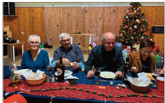
C'est la dégustation et les jeux imposés par notre comité soirée-loisir. Bonne année 2025 à vous tous et que tous vos souhaits se réalisent!
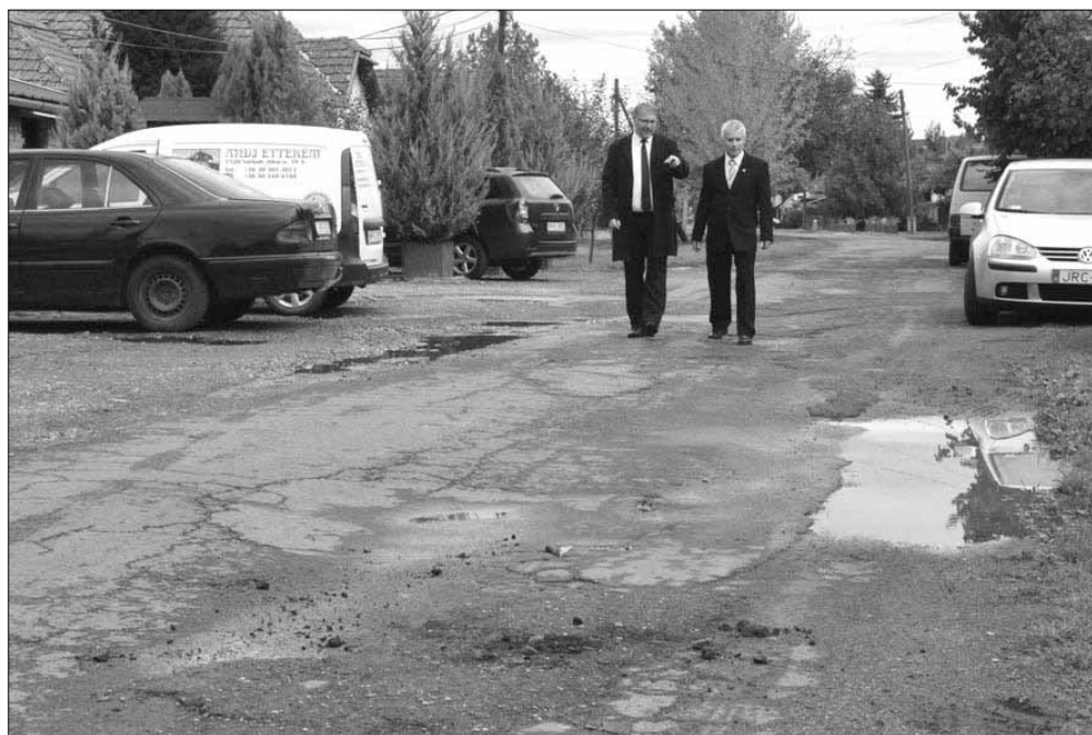
A Jókai utcai közút jelenlegi leromlott állapotában

Huszonötmillió forintból valósul meg a beruházás
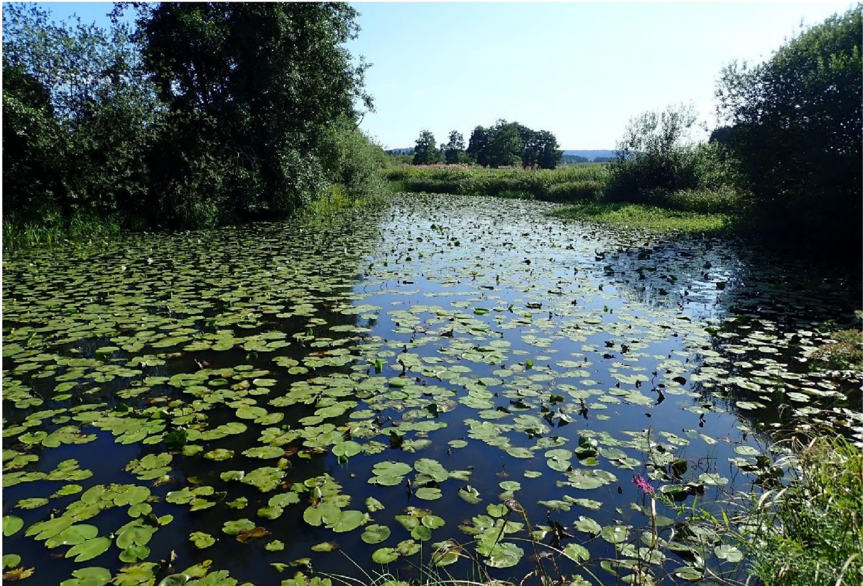
Abb. 6: Altwasser südöstlich von Kritzenast mit Gelber Teichrose ( Nuphar lutea ).

Stillgewässer aller Größen, vom Tümpel über Fischteiche bis hin zum See sowie Altwasser und nicht oder unwesentlich durchströmte Altarme sind dem LRT 3150 zuzuordnen, wenn in ausreichendem Maße eine auf nährstoffreiches Wasser hinweisende Schwimmblatt- oder Unterwasservegetation ausgebildet ist. Typischerweise sind See- oder Teichrosen ( Nymphaea alba , Nuphar lutea ) und Laichkrautarten ( Potamogeton spp.) am Aufbau der Gewässervegetation beteiligt. Röhrichte und Seggensäume im Wechselwasserbereich zählen zum LRT mit dazu. Die Stillgewässer des LRT 3150 sind meist ungenutzt bis (im Falle von Fischteichen) mäßig intensiv genutzt. Der LRT steht in naturnahen Stillgewässern unter dem Schutz des §30 BNatSchG (LFU 2018 b, d).
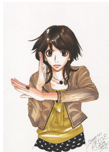
画像 9 働きマン
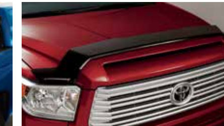
Déflecteur de capot
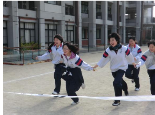
「やったー！ゴールだー！」
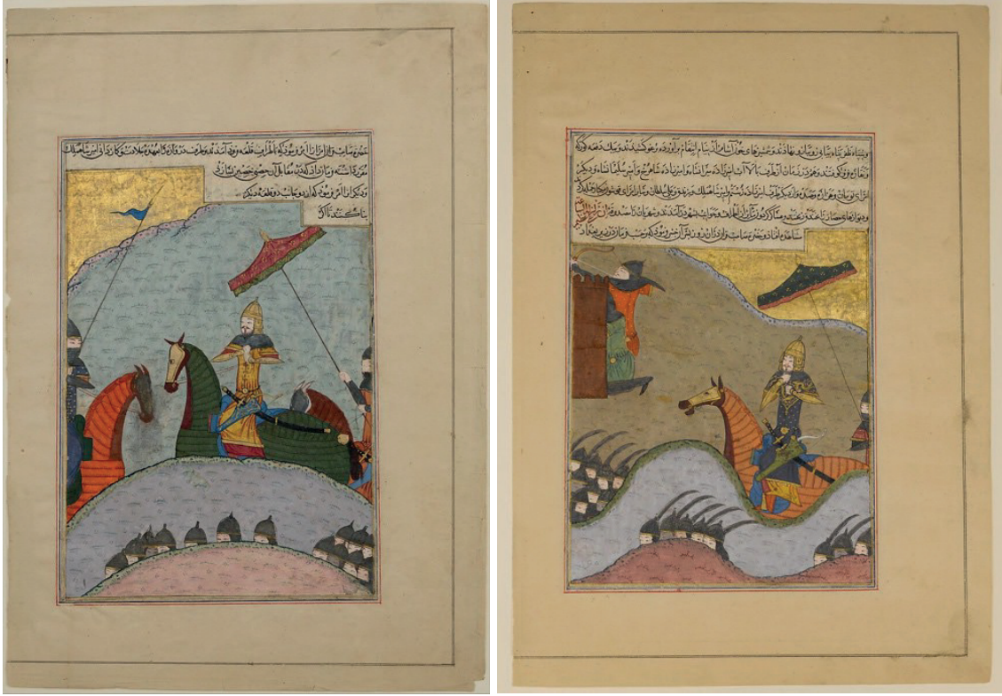
Görsel 7: Timur'un Gortin Kalesi'ni Kuşatması, Zafernâme, Şiraz, 1436, Metropolitan Museum, Rogers Fund, 1955, 55.121.16.

* What is required *
Return nothing except the lines from the line with "Déflecteur de capot" through the last line of the records above, copied exactly and without pictures.

* Answer section *
Déflecteur de capot
「やったー！ゴールだー！」
Görsel 7: Timur'un Gortin Kalesi'ni Kuşatması, Zafernâme, Şiraz, 1436, Metropolitan Museum, Rogers Fund, 1955, 55.121.16.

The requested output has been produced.